SUPPLIED DATA:
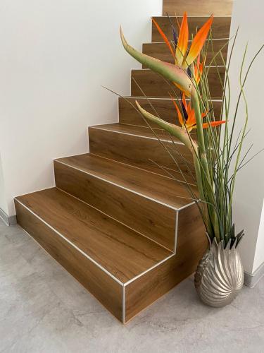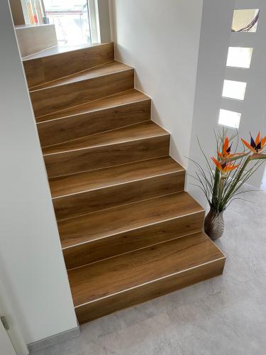 Bei diesem Projekt wurde eine massive Betontreppe mit Vinylboden im Massivholz- Look gestaltet.
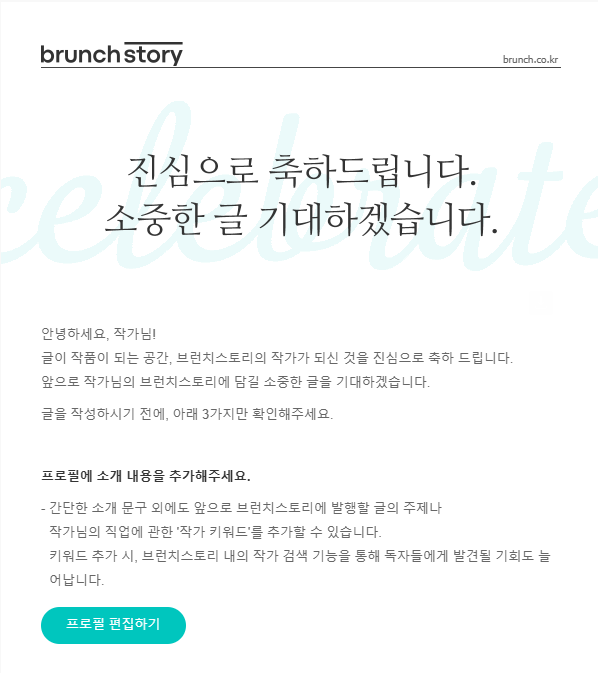 도서관에서 글쓰기 수업을 듣고 쉬는 시간에 핸드폰을 확인해 보니 브런치 앱에 조그마한 알림 표시가 떠 있었다. 단숨에 앉은자리에서 서둘러 앱을 클릭했고 합격을 확인했을 때 온몸에 느껴지던 그 짜릿한 전율은 지금도 잊을 수가 없다. 얼굴에 숨길 수 없는 기쁨의 미소가 번졌진 것은 당연지사다.
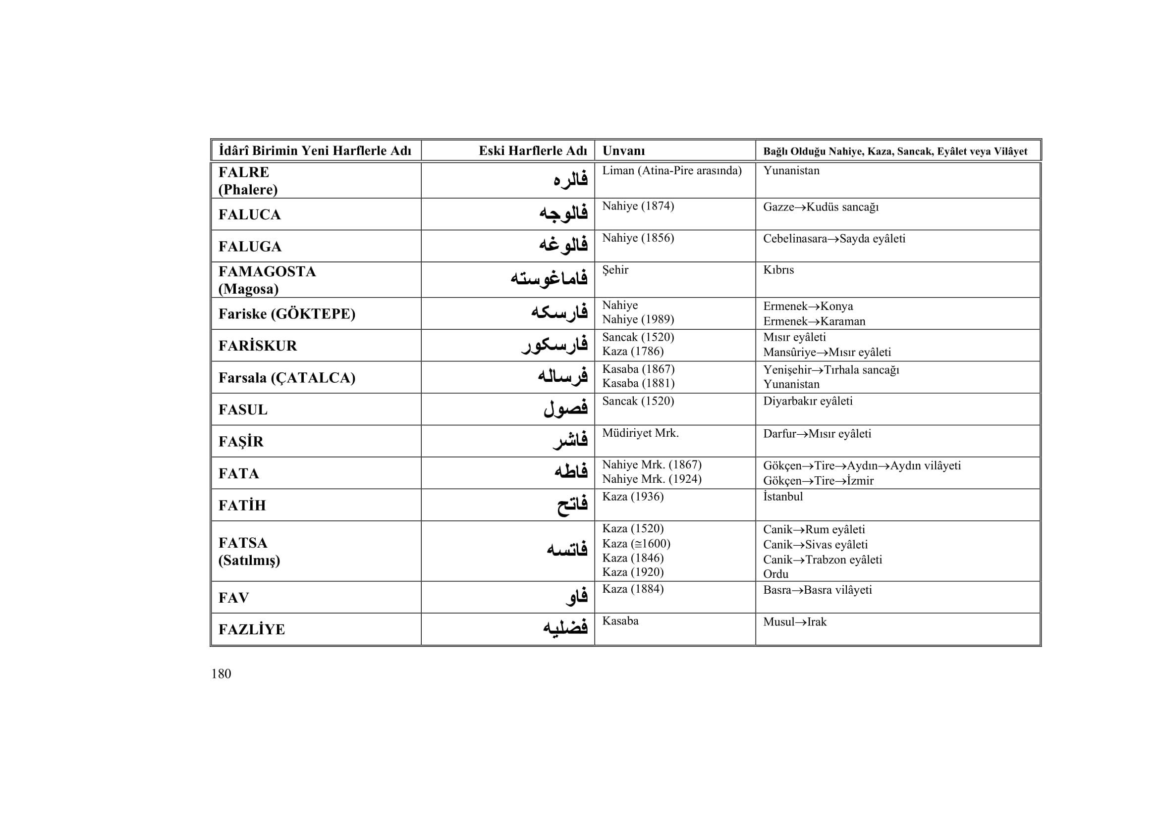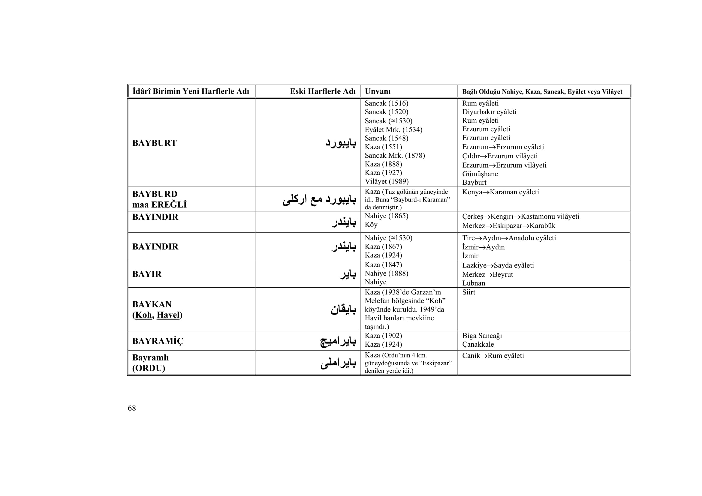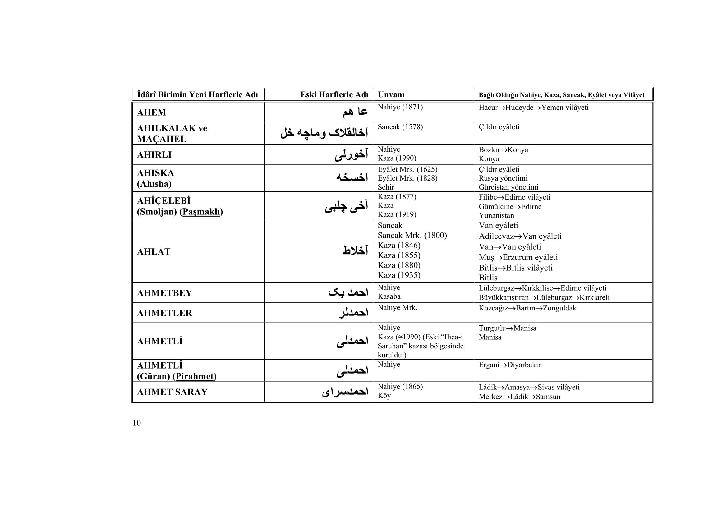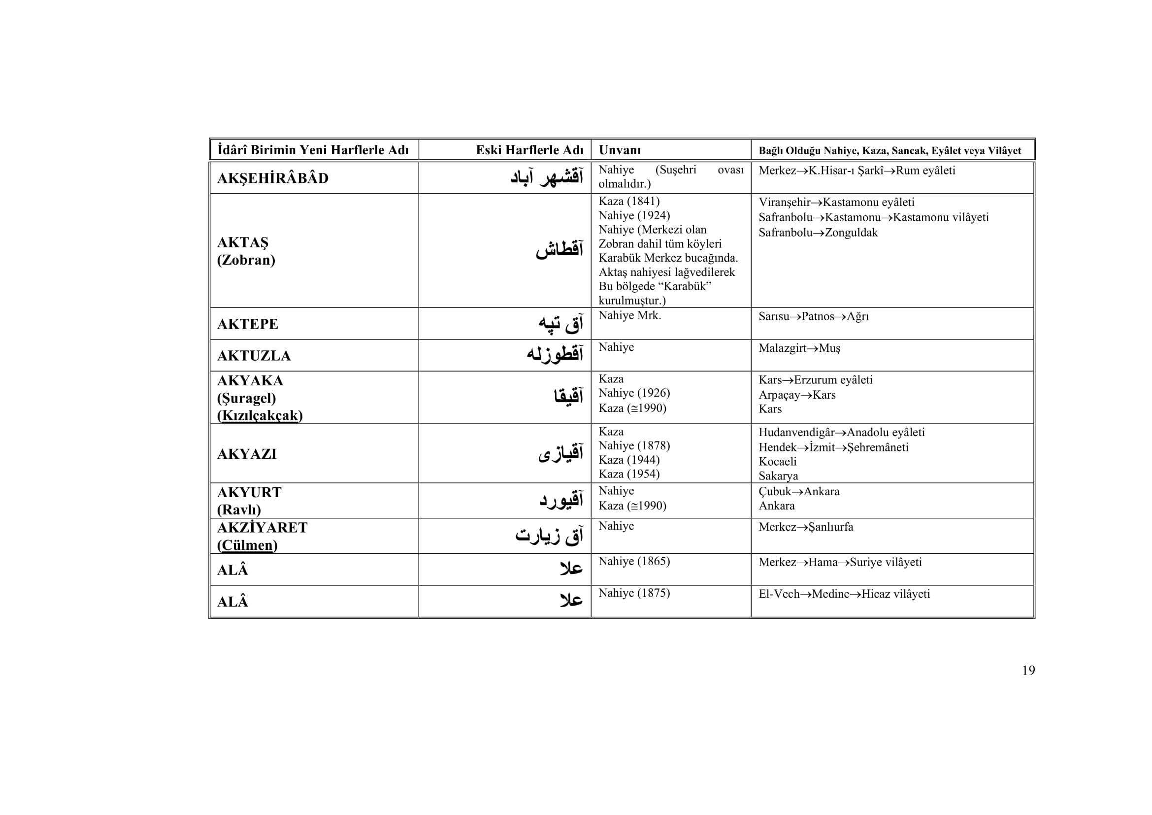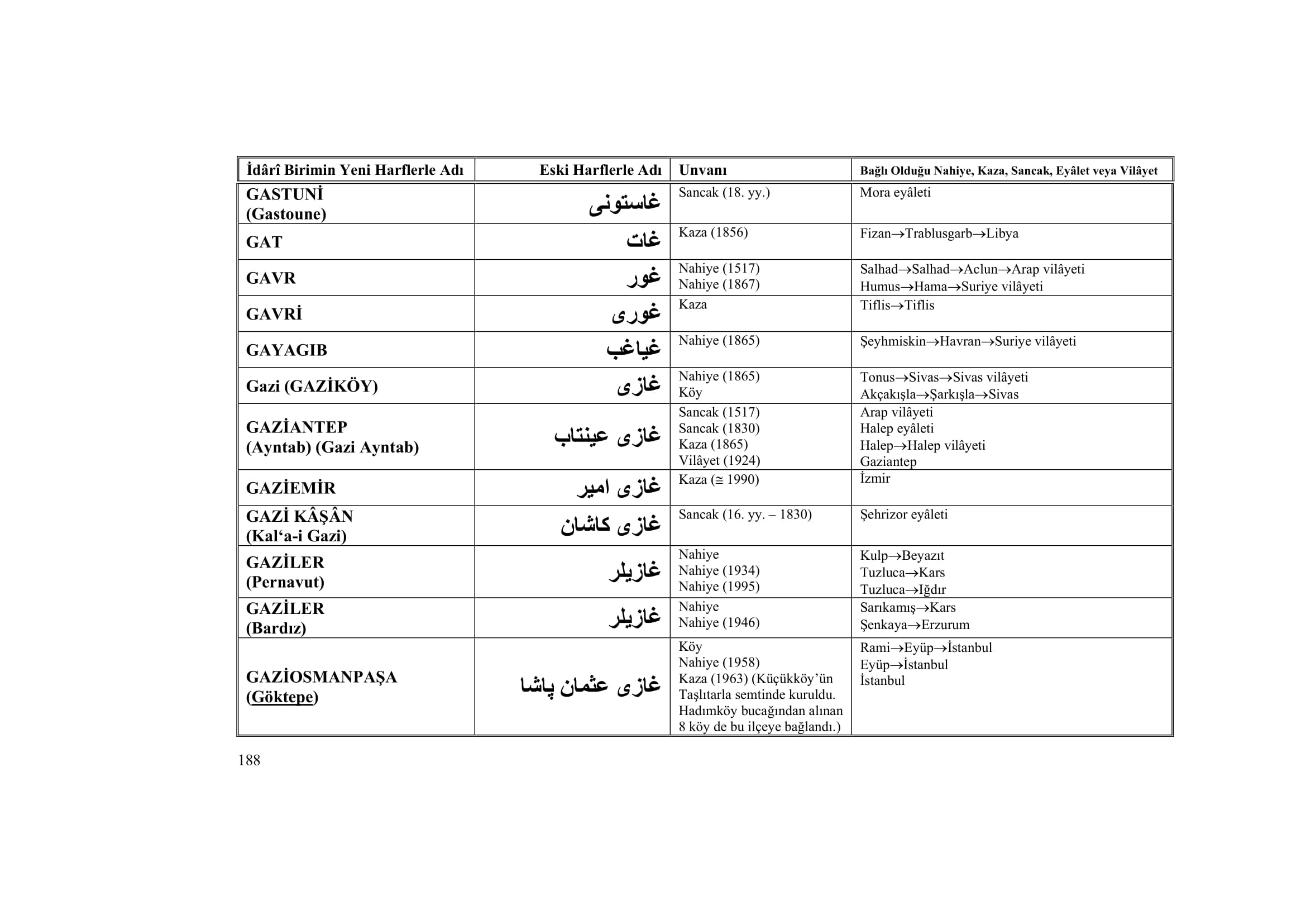 Şu an ismi bir çok kez değişen illerimiz, ilçelerimiz ve o dönemde Osmanlı hakimiyeti altında olan tüm topraklarda bulunan eyalet,vilayet, sancak, kaza ve nahiyeleri eski isimleriyle alfabetik sırada gösteren harika bir kaynakça. Eski ismi ile bildiğiniz ya da o dönem eski ismi ile anılan bir yeri bulmak adına kullanmak için güzel bir arşivdir.
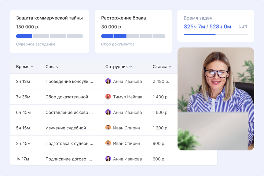 Особенно важным был последний пункт — контроль времени, затрачиваемого на каждое дело, необходим для корректного планирования и ценообразования юридических услуг.

TASK DIRECTIONS:
Please write out the entire listing above exactly, but leave the pictures out.

SOLUTION TO THIS TASK:
 Bei diesem Projekt wurde eine massive Betontreppe mit Vinylboden im Massivholz- Look gestaltet.
 도서관에서 글쓰기 수업을 듣고 쉬는 시간에 핸드폰을 확인해 보니 브런치 앱에 조그마한 알림 표시가 떠 있었다. 단숨에 앉은자리에서 서둘러 앱을 클릭했고 합격을 확인했을 때 온몸에 느껴지던 그 짜릿한 전율은 지금도 잊을 수가 없다. 얼굴에 숨길 수 없는 기쁨의 미소가 번졌진 것은 당연지사다.
 Şu an ismi bir çok kez değişen illerimiz, ilçelerimiz ve o dönemde Osmanlı hakimiyeti altında olan tüm topraklarda bulunan eyalet,vilayet, sancak, kaza ve nahiyeleri eski isimleriyle alfabetik sırada gösteren harika bir kaynakça. Eski ismi ile bildiğiniz ya da o dönem eski ismi ile anılan bir yeri bulmak adına kullanmak için güzel bir arşivdir.
 Особенно важным был последний пункт — контроль времени, затрачиваемого на каждое дело, необходим для корректного планирования и ценообразования юридических услуг.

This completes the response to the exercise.